De Bus
Geplaatst op maandag 21 december 2015 om 22:29
Uit: Montferland nieuws 1 mei 2001
Een onderwerp dat nog een keer uitvoerig in Old Ni-js het lijfblad van de Heemkundekring behandeld zal worden is het vervoer in Bergh met de bus en tram (de 'Suffe Hendrik').
Tot ver in de jaren zestig hadden diverse grote bedrijven zelf bussen om het personeel thuis op te halen en te brengen. Hoe het er aan toe ging in de bus vertelt Peerke in 1947 in het personeelsblad van zo'n bedrijf.
Na circa een jaar rijden voor deze firma wil ik wel eens het een en ander vertellen van wat ik alzo meemaak met de gezellen van 's-Heerenberg en omstreken.
's Morgens om kwart over vier sta ik op en ben om kwart voor vijf aan de fabriek voor de nachtploeg. Om vijf uur belt de portier en daar komen ze aanhollen: Toon uit Wehl voorop, mooi zwart en slaperig, daarachter de anderen uit Wehl, Zeddam, Kilder, en Braamt, allemaal zwart en slaperig en soms mopperig, maar als ze in de bus zitten ligt de één zo te snurken en de ander te knikkebollen als een beer in de dierentuin! Soms moet ik, als ik stoppen moet op de plaats van de bestemming, ze eerst laten schrikken, dan stop ik maar een beetje slordig, want als ze flink door elkaar geschud worden zijn ze weer voor vijf minuten wakker!
Ben je de laatste kwijt in 's-Heerenberg, dan begin je daar weer aan de dagploeg. Jansen is altijd op tijd. Volkers moet altijd rennen met het brood op zijn vuist en de jas over de arm, en doet niets dan mopperen: "Peerke, wat ben je weer vroeg!" Lange Hans steeds maar loeren of de bus soms al komt, want die kan slecht van huis. Dan naar Bolk. Het eerste wat je daarvan hoort is: "Gekke kerel! Je bent weer veel te vroeg, als ik jou was zou ik morgen om vier uur komen!"
Als dat stel in de bus zit, gaat het naar Lengel om Heuvel en Agelink op te halen. Heuvel is altijd op tijd, maar Agelink bezit de 'eigenste' kwaal als Volkers, altijd hard lopen en nooit op tijd.
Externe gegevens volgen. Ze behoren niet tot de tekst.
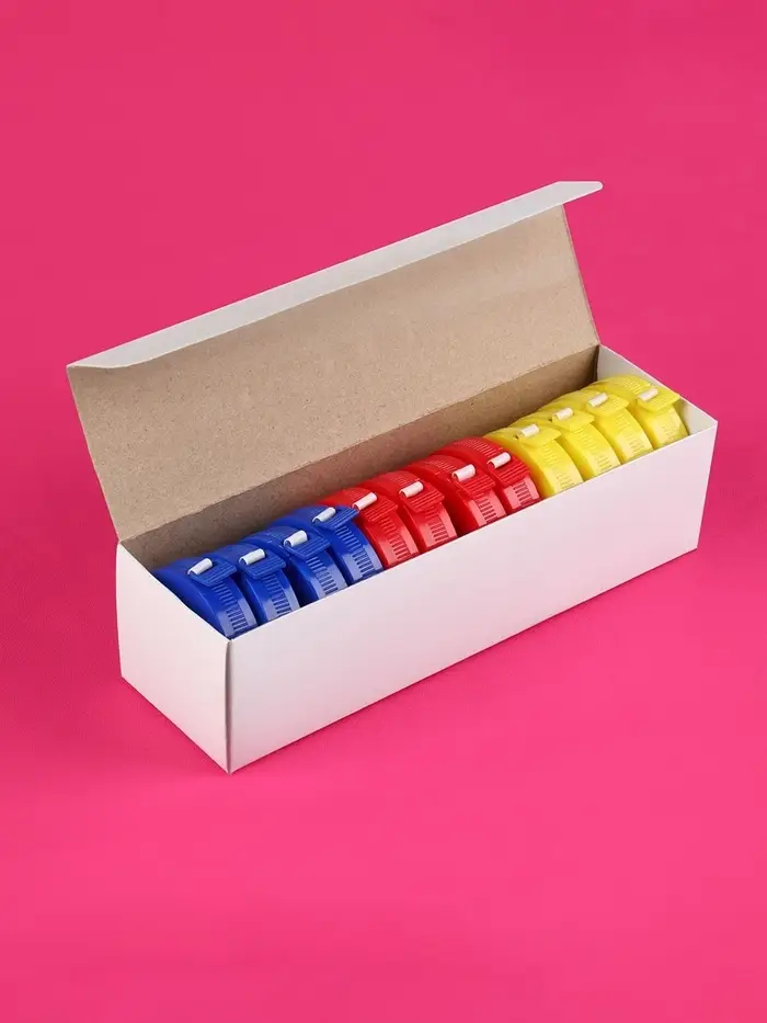 Небольшие круглые футляры обеспечат аккуратное хранение ленты и помогут избежать ее заломов. Длина ленты в 1,5 метра позволит снять все необходимые мерки и приступить к моделированию предметов одежды.

Dan naar Zeddam voor vijf man. Ben je drie minuten te vroeg, dan moet je wat horen! "Wacht maar tot zes uur hoor, eerder gaan we niet weg!" Verder is er één bij, die schreeuwt nogal een beetje, ze noemen hem geloof ik 'Toon de Blaffer'. Overigens vind ik het allemaal beste lui. De gebroeders Kniest zijn altijd op tijd en de Kleine Herman was eerst ook altijd even vlug, maar sinds hij getrouwd is loopt hij net of hij zeggen wil: "Kom ik er vandaag niet, dan morgen wel!" en als ik zeg: "Herman, loop eens een beetje vlugger" zegt hij: "De dag is nog lang!" De andere drie zijn altijd op tijd, maar nog wel eens mopperig, als ik een beetje te vroeg ben.
Dan naar Kilder naar de Lange en de Korte. De Lange heeft in de mode altijd buiten het raam te spuwen, maar dat hij uit moet kijken heeft hij laatst ondervonden, toen hij een jongedame op de jurk spuwde! Dat heeft hem een waarschuwing gekost, "nog éénmaal en je kunt lopen!" De Korte, de man met de pruimtabak, heeft altijd goeie zin en is nooit te laat, die stapt in de bus en zegt : "Rijden!"
Dan nog naar Hendrik, de man met de eeuwige glimlach, maar bang voor de bus, want als je op hem af komt vliegt hij als een haas het koren in en dan maar schelden van "Rotpeer, als je op mij loert, dan zeg het maar, dan sla ik je tot mosterd!" Tot slot haal ik dan nog even de Dikke uit Wehl, die is altijd even kalm en op tijd.
Eén verzoek heb ik nog voor mijn passagiers en dat is dit: "Gooi toch alsjeblief niet zo hard met de deur van de bus!", het lijkt wel of ze dat niet verstaan! Verder kunnen we reuzegoed met elkaar opschieten, als je maar doet wat ze zeggen, dan ben je klaar.